Après la langue et la règle de résidence (patri ou matrilocale), un autre facteur agit sur la
variabilité génétique des populations : la filiation. Les populations de langues Turk sont dites
patrilinéaires, c’est-à-dire que la transmission du nom, de l’héritage passe par la voie
paternelle et il existe une exogamie de lignée paternelle : un homme choisit une épouse qui
est à l’extérieur de la lignée, du clan. En revanche, les populations de langue indo-iranienne
sont dites cognatiques, autrement dit, la transmission du nom et de l’héritage à la
descendance est autant maternelle que paternelle. L’organisation patrilinéaire crée des
lignées paternelles remontant à un ancêtre paternel éloigné de sept à dix générations.
Plusieurs de ces lignages se regroupent en clan à partir d’un ancêtre paternel commun
encore plus éloigné. Et les clans se regroupent à leur tour en une tribu qui revendique un
même ancêtre commun très éloigné mais souvent mythique. Cette organisation patrilinéaire
en lignage, clan, tribu, se retrouve dans les données génétiques : on peut les observer sur le
chromosome Y. Cette correspondance est intéressante : elle montre que les généalogies
décrites oralement correspondent bien à des généalogies biologiques et atteste d’une
organisation patrilinéaire qui existe depuis au moins 20-30 générations.
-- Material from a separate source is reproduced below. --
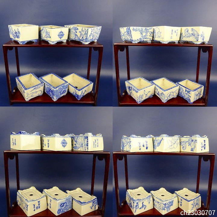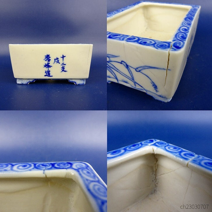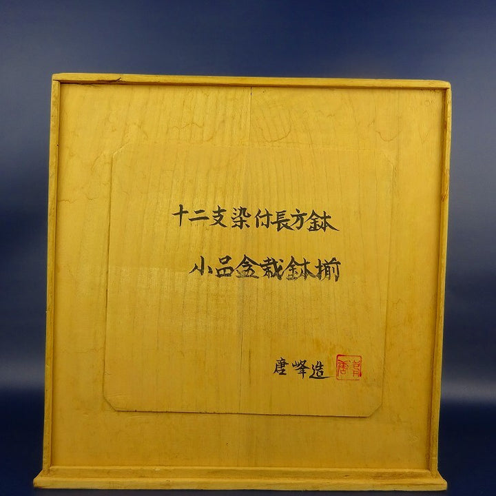 【中古】盆栽鉢 唐峰造 染付 小鉢 長辺 約9cm 長方鉢 十二支 干支 12個セット 現品 中古鉢 送料無料 唐峰 本名:嶌田修二 第17回現代小鉢作家展 全日本小鉢盆栽協会理事長賞釉薬の部において金賞受賞...
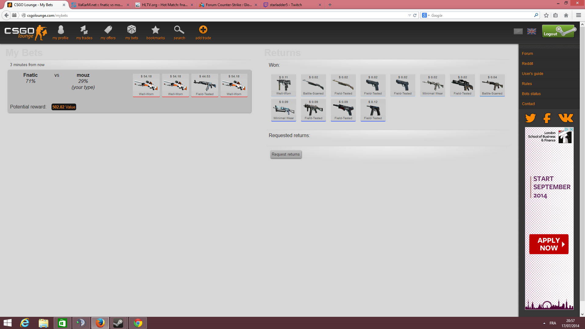 En même temps c'étais prévisible je comprend pas comment des gens on pu parier sur Mouz, je veut dire Fnatic on fait de bons résultats contre LDLC hier et LDLC on vraiment bien joué contre Navi, c'étais plutôt prévisible.

La filiation patrilinéaire a des conséquences génétiques : elle réduit la diversité génétique au
sein d’un groupe et augmente les différences entre les groupes pour le chromosome Y, mais
pas pour l’ADN mitochondrial. Voilà donc un autre paramètre culturel qui agit sur la diversité
génétique des populations.
Un autre facteur culturel interagit avec sur l’évolution biologique d’une population : son
« succès reproducteur », c’est-à-dire le nombre d’enfants qui atteignent l’âge de se
reproduire à leur tour. Ce succès dépend notamment de facteurs culturels, comme la
richesse. Plus on est riche, plus les conditions de vie sont aisées, plus les chances sont
grandes pour les enfants de survivre et donc de parvenir à se reproduire à leur tour, etc.
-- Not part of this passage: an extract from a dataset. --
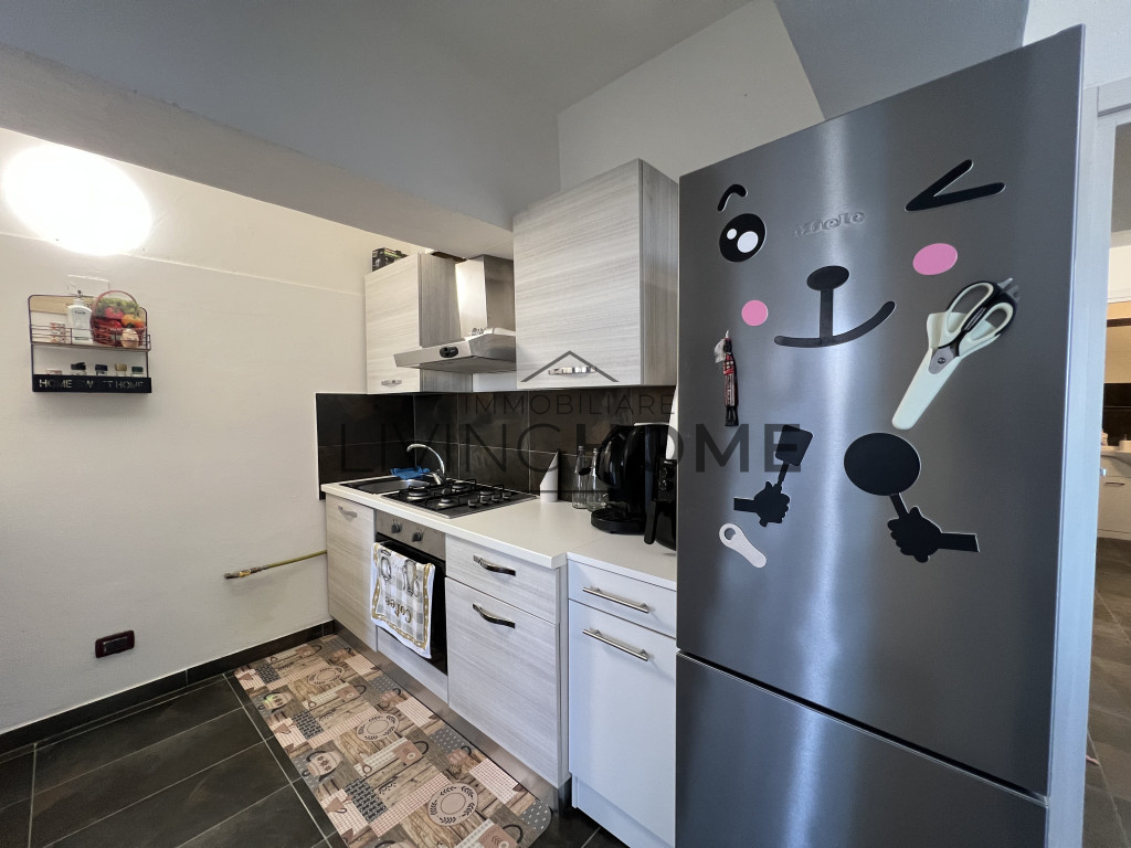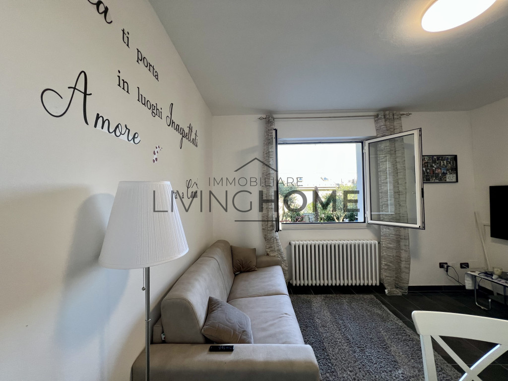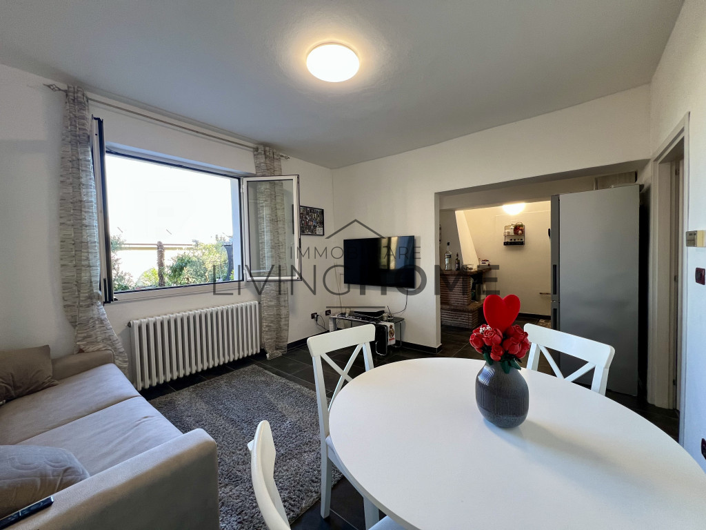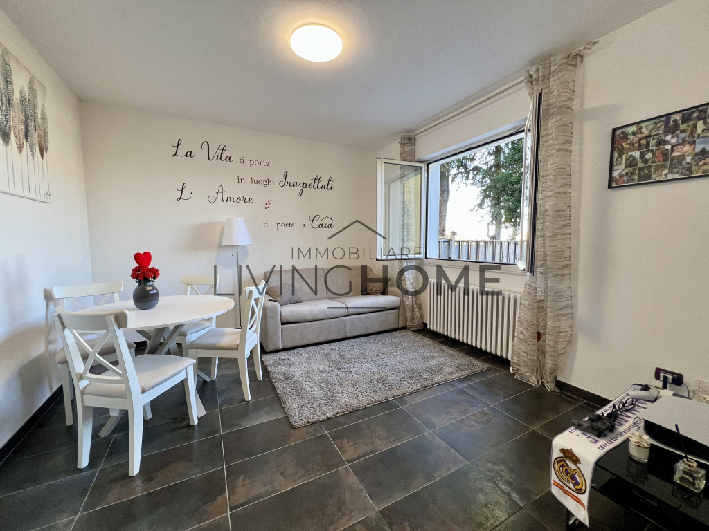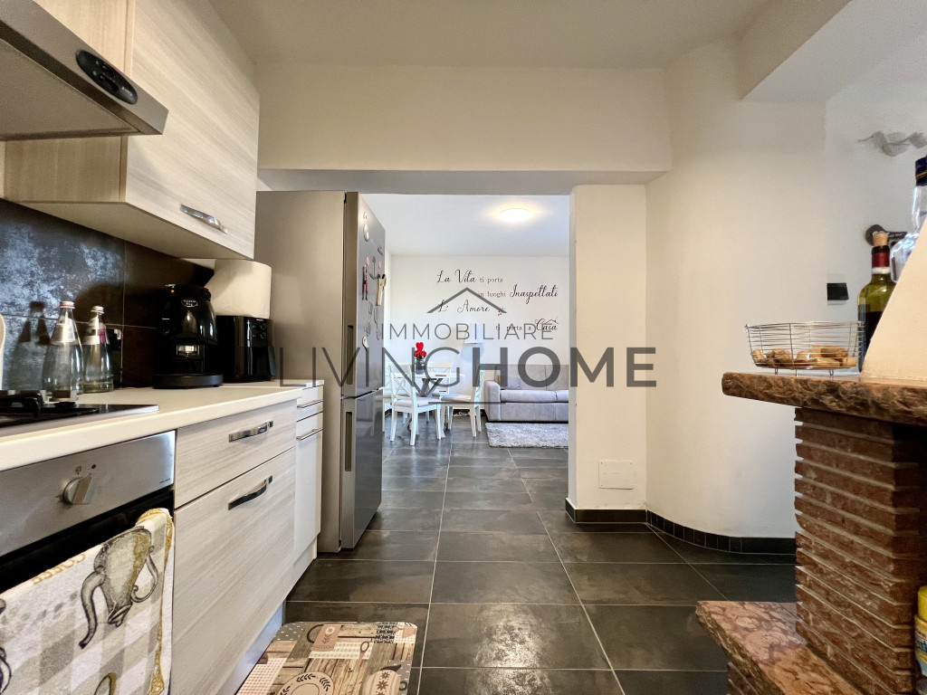 L'appartamento fa parte di un contesto condominiale di sole cinque unità e si presenta così composto: ingresso, soggiorno con angolo cottura e camino, disimpegno, camera da letto matrimoniale, bagno con box doccia e lavanderia.

C’est ainsi que les traits génétiques de familles aisées ont plus de chance de se transmettre
que d’autres. Ce ne sont donc pas des avantages biologiques qui jouent ici, mais
simplement les conditions de vie matérielle plus avantageuses. On a donc ici un mécanisme
de « sélection culturelle » qui peut prendre le contre-pied de la sélection naturelle.
Haut statut social, fort succès reproducteur
Dès les années 1970, l’existence d’une transmission culturelle a été décrite par des
anthropologues. Dans certaines populations amérindiennes d’Amazonie, les hommes de
haut rang sont ceux qui ont le plus de femmes et, de ce fait, un plus grand nombre d’enfants.
Ce fort succès reproducteur est transmis à la descendance : leurs fils sont également les
plus polygames et ont un succès reproducteur plus élevé. Il y a donc bien une transmission
culturelle du succès reproducteur. Si l’on se tourne vers certaines populations maories de
Nouvelle-Zélande, ce sont les femmes de haut statut social qui ont un plus fort succès
reproducteur. En effet, leurs enfants survivent mieux grâce à de meilleures conditions de vie.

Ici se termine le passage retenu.